The Hobbit: should we have paid?

Hugo Weaving (L), director Peter Jackson (C) and Ian McKellen are seen on the set of 'The Hobbit:...
Hugo Weaving (L), director Peter Jackson (C) and Ian McKellen are seen on the set of 'The Hobbit: An Unexpected Journey'. Photo MCT
A majority of New Zealanders polled by the New Zealand Herald back the $67 million in tax breaks given to the producers of The Hobbit by the Government - but only if the films return more than that to the local economy.

Only one in five people surveyed in a Herald-DigiPoll poll completely opposed the subsidies given to Hollywood studio Warner Brothers for the making of The Hobbit films.
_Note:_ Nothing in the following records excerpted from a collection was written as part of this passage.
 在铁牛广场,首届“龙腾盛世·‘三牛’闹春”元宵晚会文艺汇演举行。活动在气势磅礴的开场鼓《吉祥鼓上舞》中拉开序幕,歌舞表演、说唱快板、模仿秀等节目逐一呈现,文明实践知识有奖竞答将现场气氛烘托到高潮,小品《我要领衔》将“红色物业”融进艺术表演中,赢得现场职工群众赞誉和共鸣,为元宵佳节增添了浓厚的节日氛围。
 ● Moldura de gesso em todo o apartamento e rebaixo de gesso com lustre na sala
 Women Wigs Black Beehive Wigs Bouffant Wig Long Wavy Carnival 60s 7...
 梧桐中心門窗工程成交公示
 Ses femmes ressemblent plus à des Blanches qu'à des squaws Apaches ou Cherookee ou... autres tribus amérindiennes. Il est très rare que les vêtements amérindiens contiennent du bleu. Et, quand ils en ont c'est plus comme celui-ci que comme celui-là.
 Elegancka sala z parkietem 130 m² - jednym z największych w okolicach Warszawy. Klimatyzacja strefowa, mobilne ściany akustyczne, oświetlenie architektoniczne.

The poll showed New Zealanders were not highly concerned about the principle of giving tax incentives to an overseas company, but they would be concerned if the costs of this subsidy were not recovered.

Asked which statement best fitted their view on the taxpayer subsidies for The Hobbit, 65 per cent of respondents chose "It was worth it only if the New Zealand economy gets more than that amount back".
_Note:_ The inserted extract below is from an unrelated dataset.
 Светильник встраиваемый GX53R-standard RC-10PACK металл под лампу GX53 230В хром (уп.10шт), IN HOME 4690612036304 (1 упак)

Economic Development Minister Steven Joyce said the poll showed that New Zealanders understood the value of the films to the economy.

"We have been confident all the way through that these movies would be good for New Zealand and ... certainly the box office internationally over the last few weeks has underlined that."
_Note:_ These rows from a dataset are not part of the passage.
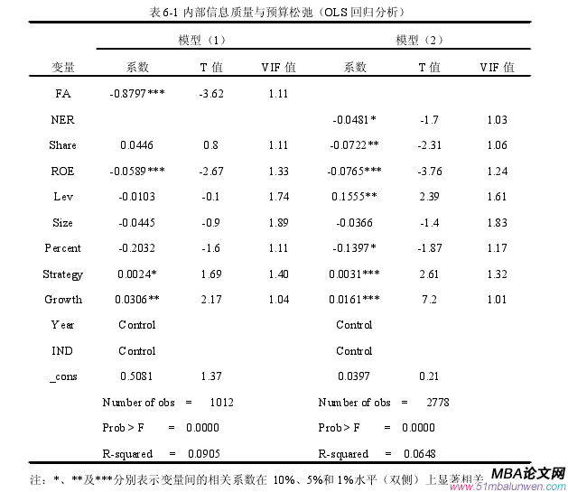 本文使用鄭石橋(2008)和趙靜(2012)計算預算松弛的方法對假設 1 進行穩健性檢驗,將預算松弛帶入模型(1)和模型(2)的右端進行回歸,回歸結果如表 6-1 所示。模型(1)的 F 值在 1%的水平上顯著,R-squared 為 0.09,模型(2)的 F 值在 1%的水平上顯著,R-squared 為 0.065,模型可以較好解釋回歸結果。模型中各個變量的方差膨脹因子 VIF 均小于 2,說明在模型中各個變量之間不存在多重共線性。業績預測準確性的回歸系數為-0.8797,在 1%的水平上顯著負相關,沒有因差錯而導致財務報告重述的回歸系數為-0.0481。在 10%的水平上顯著負相關,說明在其他條件一定的情況下,內部信息質量越高,預算松弛程度越低,驗證了假設 1。因此,穩健性的檢驗結果與上述回歸結果基本一致。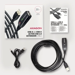 Cablu prelungitor activ Axagon USB 2.0 cu lungimea de 20 de metri este destinat extinderii conexiunii USB între computer și dispozitive precum mouse, tastatură, cameră web, imprimantă sau scanner. Cablu conține un repetor integrat, ce amplifică semnalul transmis, permițând utilizarea cablului pe distanțe mai mari.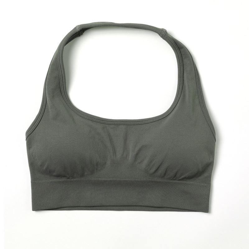 INS夏季新款欧美无缝瑜伽服露背挂脖文胸吊带运动健身提臀女短裤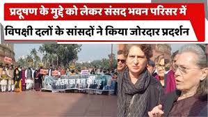 नई दिल्ली, 04 दिसंबर। राष्ट्रीय राजधानी दिल्ली में लगातार बिगड़ते वायु प्रदूषण के हालात को लेकर इंडिया गठबंधन के सांसदों ने आज संसद भवन परिसर के मकर द्वार के सामने जोरदार प्रदर्शन किया। विपक्षी दलों ने सरकार पर उदासीनता का आरोप लगाते हुए शीतकालीन सत्र में इस गंभीर मुद्दे पर विस्तृत चर्चा की मांग की। प्रदर्शन में कांग्रेस संसदीय दल की प्रमुख सोनिया गांधी, कांग्रेस अध्यक्ष मल्लिकार्जुन खरगे, प्रियंका गांधी वाड्रा, द्रमुक के टी. आर. बालू, राष्ट्रवादी कांग्रेस की सुप्रिया सुले सहित अनेक वरिष्ठ सांसद शामिल हुए।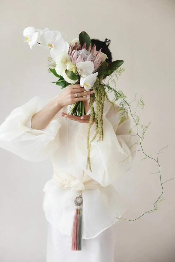 утро в корейском стиле, зонтики, веера и национальные инструменты.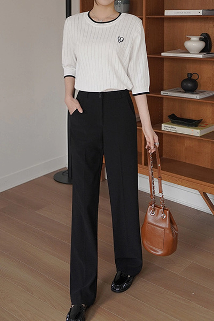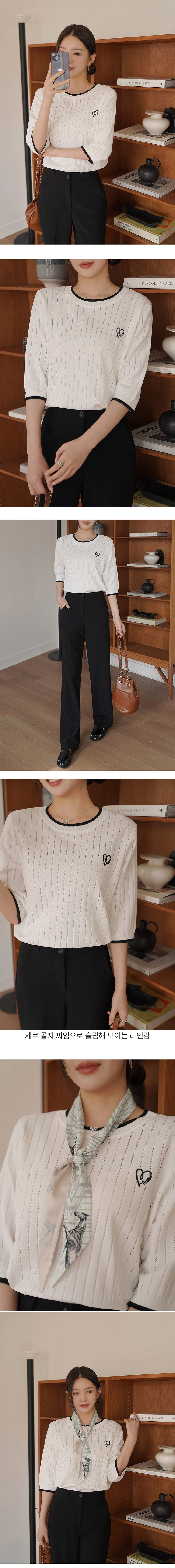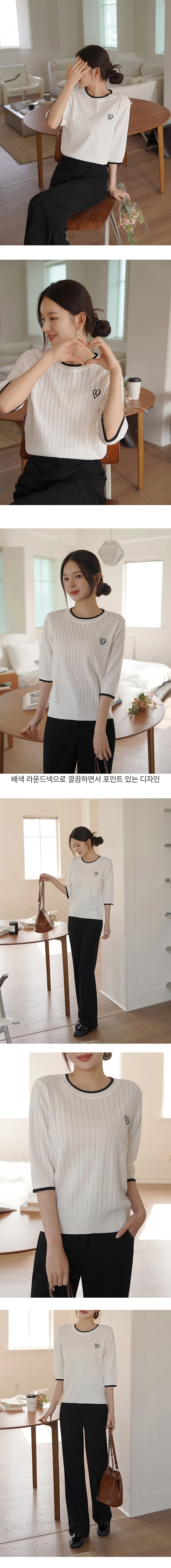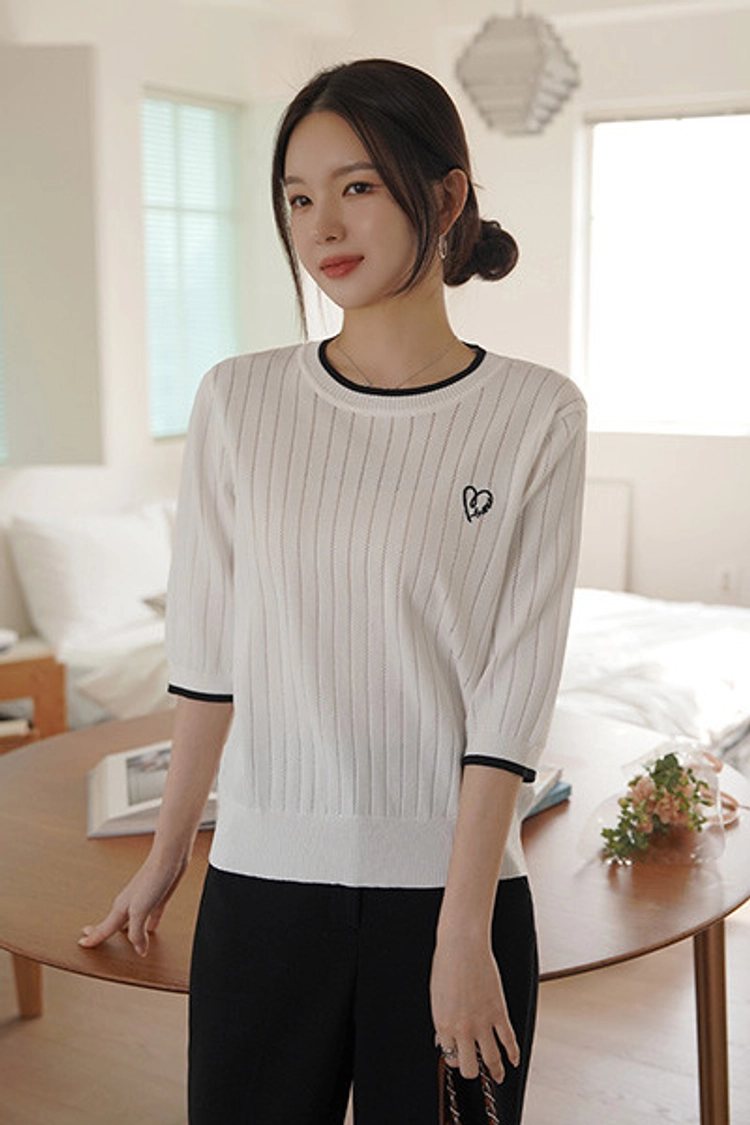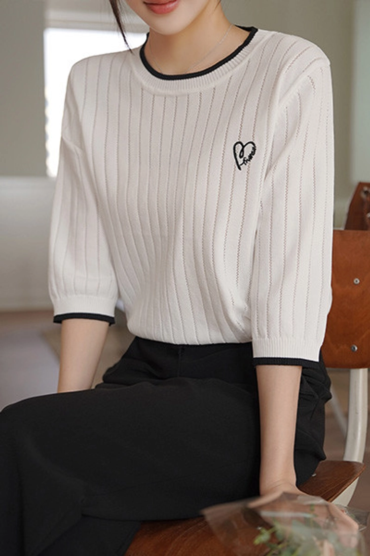 2604C018 撞色拚接刺繡直紋簍穿薄針織上衣

The first film in the trilogy, The Hobbit: An Unexpected Journey, has earned US$959 million ($1.15 billion) worldwide, a third of this in the United States where it was showing in 4000 cinemas.

It was no longer the most popular film in the US, but it remained at the top of the New Zealand box office, where it had earned $8.3 million in its first three weeks.

Mr Joyce said he believed tax breaks would be easily eclipsed by increased income taxes generated by the movies and the greatest benefits would come from indirect sources such as increased tourism.

The National-led Government controversially changed employment laws and granted tax breaks amounting to $67 million to Warners in 2010 after director Sir Peter Jackson warned The Hobbit franchise could be moved to countries where it was cheaper to film.

Labour Party spokeswoman for labour issues Darien Fenton said her party supported the tax breaks but not the changes to employment law. But she questioned why the Government was prepared to single out the film industry for incentives as opposed to other sectors which could provide highly-paid, skilled jobs, such as manufacturing.

Prime Minister John Key has defended the deal with Warners, pointing to the employment of 3000 people during the filming and the $100 million spent by the studio on marketing the films.

ANZ-National predicted that if The Hobbit films had been moved to another country, it would have led to $1.5 billion in lost revenue from potential jobs, sub-contracting positions, and local supply of goods and services.

Nearly 15 per cent of those polled said it was worth giving tax incentives to film-makers even if the subsidy was greater than the amount of wages and taxes paid in New Zealand.